▸ **What the exercise asks**
If pictures appear among the lines below, leave them out while you return exactly the lines from the one with "Лампы накаливания Uniel" through the one with "Summary- A speeding".

▸ **Data shown**

● ● ● ● ● ● ●

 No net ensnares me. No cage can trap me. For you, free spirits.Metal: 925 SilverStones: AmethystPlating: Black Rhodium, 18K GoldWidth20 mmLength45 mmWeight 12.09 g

● ● ● ● ● ● ●

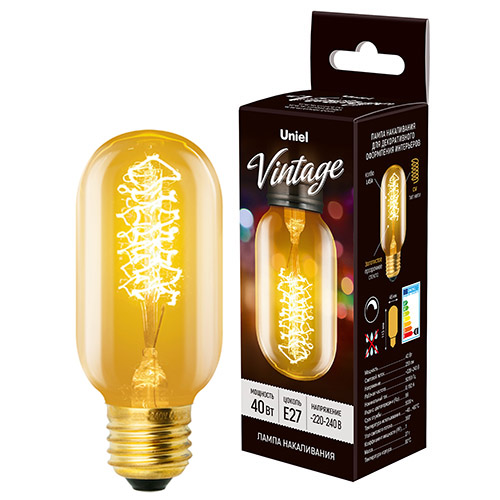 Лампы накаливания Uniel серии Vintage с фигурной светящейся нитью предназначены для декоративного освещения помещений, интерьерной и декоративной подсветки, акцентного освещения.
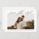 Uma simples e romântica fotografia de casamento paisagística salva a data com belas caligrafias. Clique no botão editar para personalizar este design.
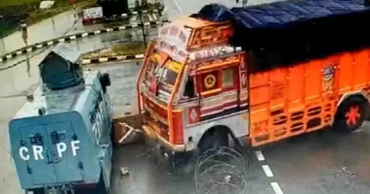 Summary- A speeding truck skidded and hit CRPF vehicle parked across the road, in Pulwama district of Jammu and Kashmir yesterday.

● ● ● ● ● ● ●

▸ **Answer to this task**
 Лампы накаливания Uniel серии Vintage с фигурной светящейся нитью предназначены для декоративного освещения помещений, интерьерной и декоративной подсветки, акцентного освещения.
 Uma simples e romântica fotografia de casamento paisagística salva a data com belas caligrafias. Clique no botão editar para personalizar este design.
 Summary- A speeding truck skidded and hit CRPF vehicle parked across the road, in Pulwama district of Jammu and Kashmir yesterday.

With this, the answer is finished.